2. Fatou theorems for the Poisson integral in the space \(Z^+\)

The Fatou theorem for the Poisson integral in the space \(Z^+\) has certain special features. The behavior of the differentiated Poisson integral depends essentially on the sense in which the density of the integral is differentiated.

The following theorems hold:

Theorem 1. a) If \(f(x,y)\in \tilde L(R)\) and at the point \(P(x,y,0)\) there exists a finite derivative \(\Delta^{*}f(x,y)\), then

\[ \lim_{z\to0+}\Delta_{xy}U(f;x,y,z)=\Delta^{*}f(x,y). \]

b) There exists a continuous function \(f(x,y)\) such that \(\widetilde D f(0,0)=0\), but

\[ \lim_{\substack{(x,y,z)\to(0,0,0)\\ \Lambda}}\Delta_{xy}U(f;x,y,z) \]

does not exist.

Theorem 2. If \(f(x,y)\in \tilde L(R)\) and at the point \(P(x,y,0)\) there exists a finite derivative \(C_1D^{*}f(x,y)\), then

\[ \lim_{z\to0+}\frac{\partial^2 U(f;x,y,z)}{\partial x\,\partial y}=C_1D^{*}f(x,y). \]

Theorem 3. If \(f(x,y)\in \tilde L(R)\) and at the point \(P(x_0,y_0,0)\) there exists a finite derivative \(C_1Df(x_0,y_0)\), then

\[ \lim_{\substack{(x,y,z)\to(x_0,y_0,0)\\ \Lambda}} \frac{\partial^2 U(f;x,y,z)}{\partial x\,\partial y} = C_1Df(x_0,y_0). \]

Theorem 4. There exists a continuous function \(f(x,y)\) such that \(D_{\Lambda}f(0,0)=0\), but

\[ \lim_{z\to0+}\frac{\partial^2 U(f;0,0,z)}{\partial x\,\partial y}=+\infty. \]

Theorem 5. There exists a continuous function \(f(x,y)\) such that \(C_{1\Lambda}Df(0,0)=0\), but

\[ \lim_{z\to0+}\frac{\partial^2 U(f;0,0,z)}{\partial x\,\partial y}=+\infty. \]

Theorem 6. a) If \(f(x,y)\in \tilde L(R)\) and \(f(x,y)\), at the point \(P(x_0,y_0,0)\), has a total differential \(df(x_0,y_0)\), then

\[ \lim_{\substack{(x,y,z)\to(x_0,y_0,0)\\ \Lambda}} \frac{\partial U(f;x,y,z)}{\partial x} = \frac{\partial f(x_0,y_0)}{\partial x}; \]

\[ \lim_{\substack{(x,y,z)\to(x_0,y_0,0)\\ \Lambda}} \frac{\partial U(f;x,y,z)}{\partial y} = \frac{\partial f(x_0,y_0)}{\partial y}. \]

b) There exists a continuous function \(f(x,y)\) such that \(\partial f(0,0)/\partial x=\partial f(0,0)/\partial y=0\), but

\[ \lim_{z\to0+}\frac{\partial U(f;0,0,z)}{\partial x}=+\infty. \]

3. The Dirichlet Problem for a Half-Space

The Dirichlet problem for the Laplace equation consists in determining a function \(U(x,y,z)\) in the domain \(Z^{+}\) with boundary \(R\), satisfying the equation \(\Delta U=0\) and the boundary condition \(U|_{R}=f(x,y)\).
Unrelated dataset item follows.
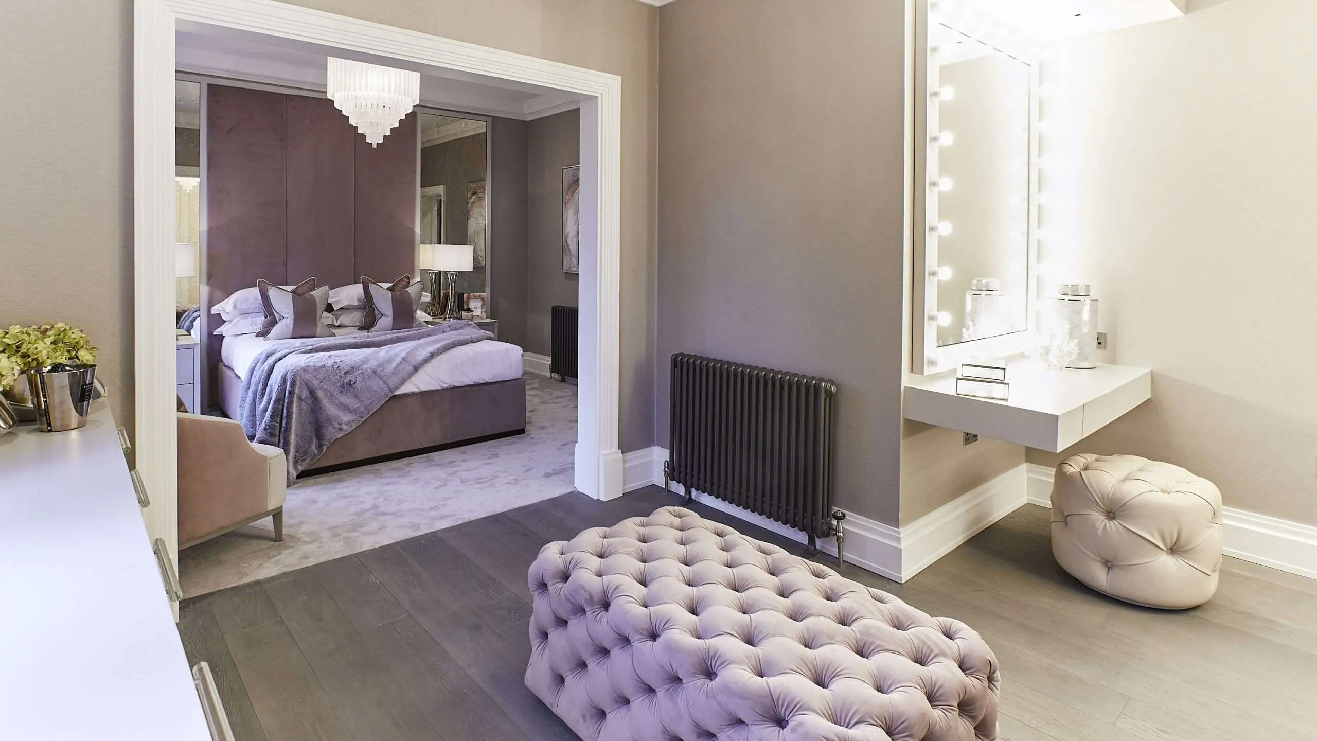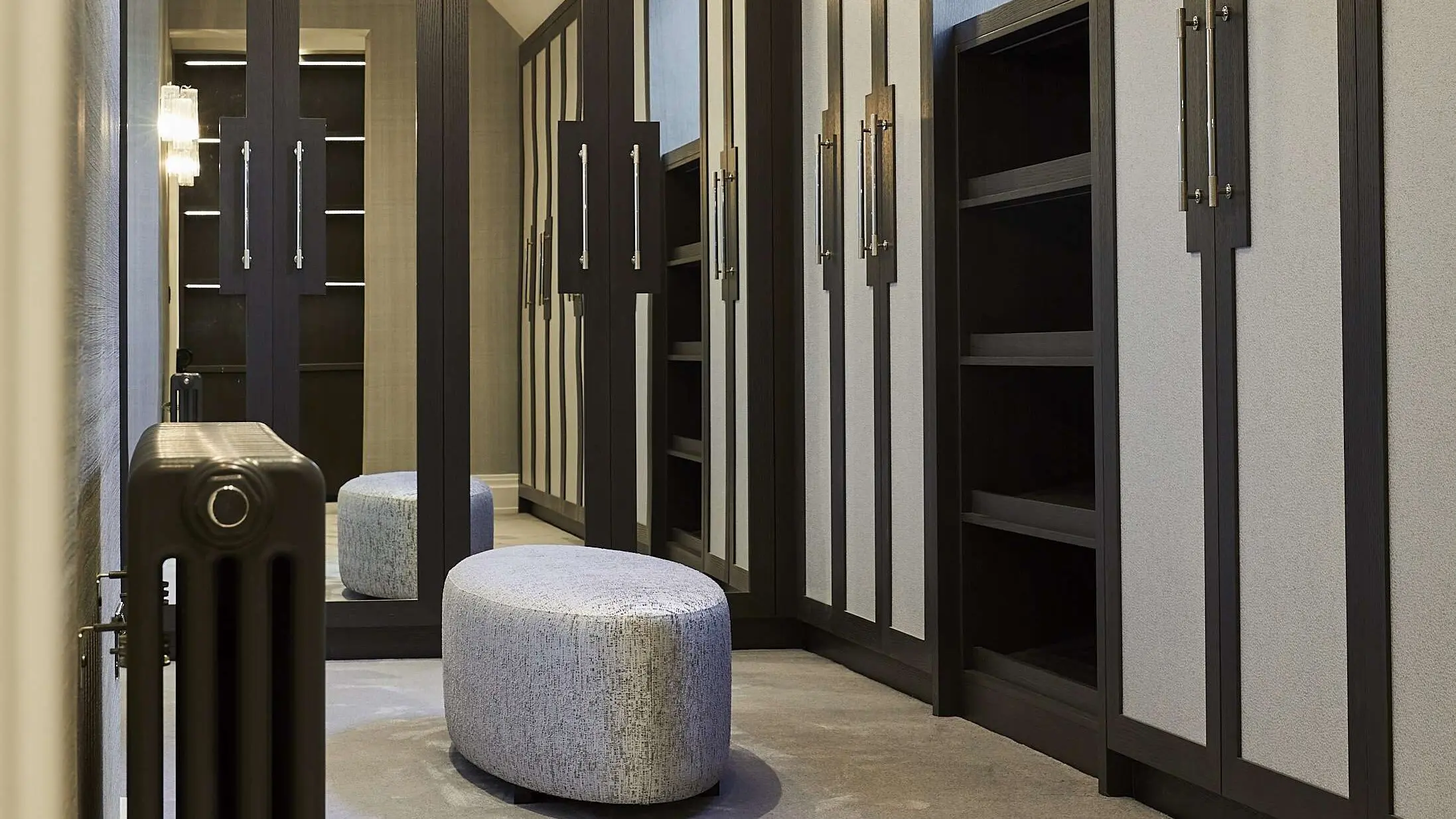 The master dressing room continues the theme of understated sophistication with bespoke cabinetry throughout and a central display island with a feature chandelier.

In paper \({}^{5}\), a solution of this problem is given in the case when \(f(x,y)\in \tilde L(R)\). In the present note this problem is solved for the case when the boundary function is measurable and finite almost everywhere on \(R\), i.e., in the formulation of N. N. Luzin.

Theorem 7. Let \(f(x,y)\) be an arbitrary measurable function, finite almost everywhere on \(R\). Then there exists a bounded continuous function \(F(x,y)\) such that almost everywhere on \(R\)

\[ DF(x,y)=f(x,y). \]

Theorem 8. Let \(f(x,y)\) be an arbitrary measurable function, finite almost everywhere on \(R\). Then there exists a harmonic function \(U(x,y,z)\) in \(Z^{+}\) such that

\[ \lim_{(x,y,z)\to(x_0,y_0,0)} U(x,y,z)=f(x_0,y_0) \]

almost everywhere on \(R\).

All the theorems stated above are valid for any \(n\)-dimensional Euclidean space.

Georgian Polytechnic Institute
named after V. I. Lenin
Tbilisi

Received
17 IV 1970

References Cited

\({}^{1}\) N. N. Luzin, Integral and Trigonometric Series, Moscow–Leningrad, 1951.
\({}^{2}\) S. B. Topuria, Reports of the Academy of Sciences of the Georgian SSR, 55, No. 1, 25 (1969).
\({}^{3}\) I. I. Privalov, E. K. Itselin, Matematicheskii sbornik, 2, (44), 4, 745 (1937).
\({}^{4}\) W. Rudin, Trans. Am. Math. Soc., 68, 278 (1950).
\({}^{5}\) E. D. Solomoncev, Vestn. Moskovsk. univ., No. 5, 73 (1959).